- Education: St Thomas's Hospital Medical School
- Engineering career
- Discipline: Biomedical engineering
- Institutions: King's College London

= Kawal Rhode =

English biomedical engineer

Kawal Rhode is an English biomedical engineer. He is a full professor of biomedical engineering and the head of education at the School of Biomedical Engineering and Imaging Sciences at King's College London (KCL), England, United Kingdom.

== Biography ==
Rhode completed his BSc degree at the Guy's & St. Thomas' Hospitals Medical School, and PhD at the University College London. He then started working at KCL in 2001 as a post-doctoral scientist in the area of image-guided interventions. He worked on the image registration methods to register cardiac MRI and X-ray fluoroscopy data. He progressed to the post of a lecturer in 2007, and senior lecturer in 2011, Reader in 2015, and a full-professor in 2016. He oversees the engineering, sciences, and iBSc courses at bachelor's and master's levels.

His research focuses on image processing based guided surgical interventions, 3D printing, cardiac biophysical modelling in humans, medical robotics, and pedagogy for biomedical engineering.

His research on pacemakers in patients is mentioned in Science Newsletters. He was covered in a news article for developing a novel steerable catheter in a collaborative effort between KCL and Cambridge Design Partnership (CDP). Rhode was also covered by BioScience Today, where he spoke with Ellen Rossiter explaining him about his research work, inspirations, and motivations behind his research in the area of biomedical engineering.
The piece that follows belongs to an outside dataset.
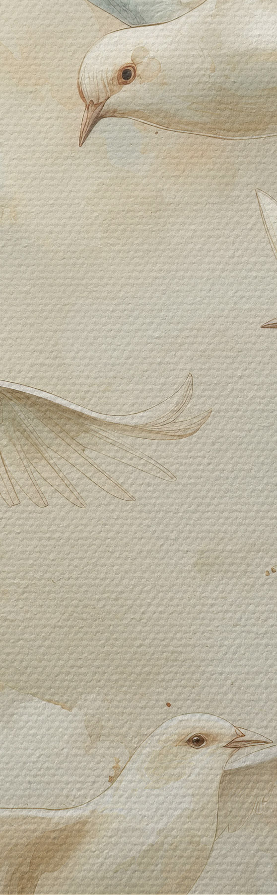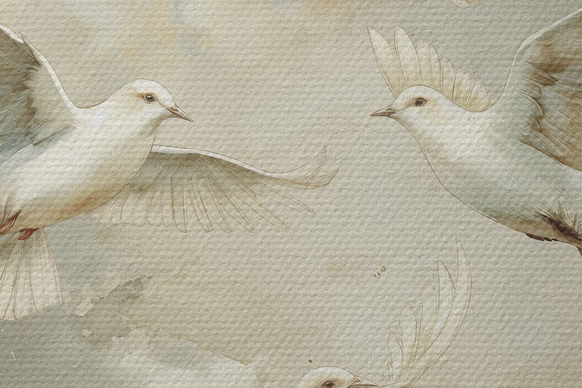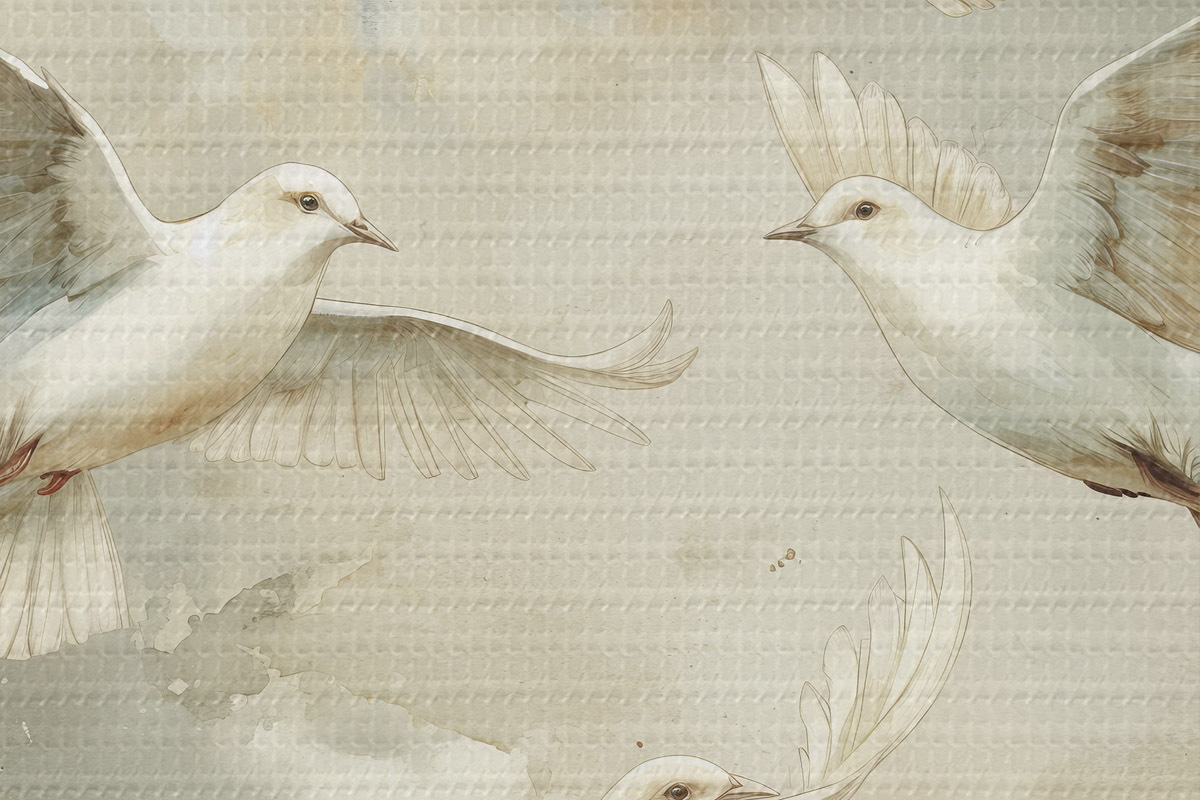 Runde Wandbilder Aquarell fliegende Vögel, sanfte Beige- und Weißtöne, Tauben r39976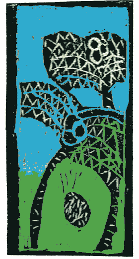 Linocut print of a falling coconut by one of the project students. Boing! A coconut lands on ....... ? I wonder what?

== Selected publications ==
A list of selected publications with over 1000 total citations are listed below:

- 356 citations: Native T1 mapping in differentiation of normal myocardium from diffuse disease in hypertrophic and dilated cardiomyopathy. Valentina O Puntmann, Tobias Voigt, Zhong Chen, Manuel Mayr, Rashed Karim, Kawal Rhode, Ana Pastor, Gerald Carr-White, Reza Razavi, Tobias Schaeffter, Eike Nagel. JACC: Cardiovascular Imaging 6 (4), 475–484.
- 355 citations: Cardiac catheterisation guided by MRI in children and adults with congenital heart disease. Reza Razavi, Derek LG Hill, Stephen F Keevil, Marc E Miquel, Vivek Muthurangu, Sanjeet Hegde, Kawal Rhode, Michael Barnett, Joop van Vaals, David J Hawkes, Edward Baker. The Lancet 362 (9399), 1877–1882.
- 208 citations: A registration-based propagation framework for automatic whole heart segmentation of cardiac MRI. X Zhuang, KS Rhode, RS Razavi, DJ Hawkes, S Ourselin. IEEE transactions on medical imaging 29 (9), 1612–1625.
- 206 citations: Patient-specific electromechanical models of the heart for the prediction of pacing acute effects in CRT: a preliminary clinical validation. Maxime Sermesant, Radomir Chabiniok, Phani Chinchapatnam, Tommaso Mansi, Florence Billet, Philippe Moireau, Jean-Marc Peyrat, K Wong, Jatin Relan, Kawal Rhode, Matthew Ginks, Pier Lambiase, Hervé Delingette, Michel Sorine, C Aldo Rinaldi, Dominique Chapelle, Reza Razavi, Nicholas Ayache. Medical image analysis 16 (1), 201–215.
- 197 citations: A system for real-time XMR guided cardiovascular intervention. Kawal S Rhode, Maxime Sermesant, David Brogan, Sanjeet Hegde, John Hipwell, Pier Lambiase, Eric Rosenthal, Clifford Bucknall, Shakeel A Qureshi, Jaswinder S Gill, Reza Razavi, Derek LG Hill. IEEE transactions on medical imaging 24 (11), 1428–1440.
- 169 citations: Intensity-based 2-D-3-D registration of cerebral angiograms. John H Hipwell, Graeme P Penney, Robert A McLaughlin, Kawal Rhode, Paul Summers, Tim C Cox, James V Byrne, J Alison Noble, David J Hawkes. IEEE transactions on medical imaging 22 (11), 1417–1426.